Une histoire d'aujourd'hui digne de Courteline, qui rompt avec le caractère sérieux et/ou morose de nos actualités.

L'affaire se passe à Mende, chef-lieu du département de la Lozère. Madame Françoise D. est préfète. Certes elle n'est pas du sérail préfectoral, elle est médecin de formation [ce qui signifie en langage clair qu'elle a suivi des études de médecine mais n'est pas médecin], n'empêche, elle a été propulsée, on ne sait trop par quelles voies détournées, préfète de la Lozère en 2007, où elle exerce jusqu'en 2009, avant d'être nommée préfète des Hautes-Pyrénées.

Tout va bien donc. Madame la préfète représentait même dans son parcours une belle illustration de l'ascension type Vième République. Sauf que aujourd'hui, l'ex-préfète - car entre temps elle a été révoquée de la préfectorale - a à répondre, devant le tribunal de Mende, d'un certain nombre de méfaits commis durant son séjour à la préfecture.

Madame le présidente du tribunal n'en finit pas - une heure et quarante cinq minutes durant - de lire la procédure, au point de s'y perdre dans les détails. Mais enfin la liste est longue des objets disparus de la préfecture de Mende, que les policiers ont retrouvé lors d'une perquisition en Champagne-Ardenne au domicile de l'ex-préfète : fauteuils Louis XVI, travailleuse Charles X, chaises Napoléon III, une balance avec ses poids, un pare-feu en métal doré, du linge de maison etc. Un inventaire à la Prévert.

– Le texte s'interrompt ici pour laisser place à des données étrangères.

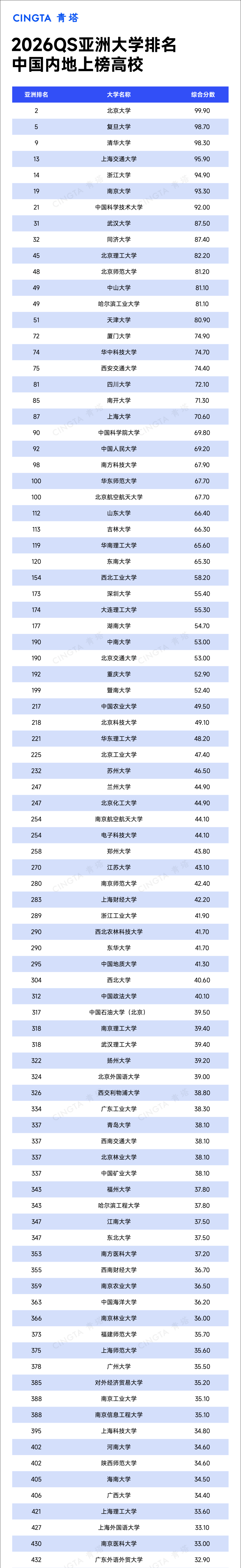 上榜高校名单,请关注【青塔】,或点击下方名片,回复【QS亚洲26】获取。

Probablement courbaturé, le procureur se lève et fait quelques pas. "N'ayez pas peur, je reste !" lance-t-il aux avocats de la défense. Quand vient son tour d'interroger la prévenue, il descend de son perchoir pour s'asseoir sur le bureau de l'huissier. Les mêmes questions que celles de Madame la présidente reviennent, auxquelles l'ex-préfète répond avec une naïveté désarmante. Tous ces objets ? "C'était pour moi (...) je les stockais au fur et à mesure dans la chambre fuchsia [de la préfecture] avant de les emmener en Champagne-Ardenne". Sans parler du chandelier à trois branches qu'on retrouve dans le coffre de la voiture de sa fille, que les fonctionnaires mendois se souviennent avoir vu en préfecture. Ou des objets achetés aux frais de la préfecture, "des valises lourdes" que son mari véhiculera jusqu'à leur domicile.

Et que faisait l'imperméable, déclaré volé, de la directrice de cabinet de la préfète chez la fille de cette dernière ? "Ça m'interroge", répond l'ex elliptiquement.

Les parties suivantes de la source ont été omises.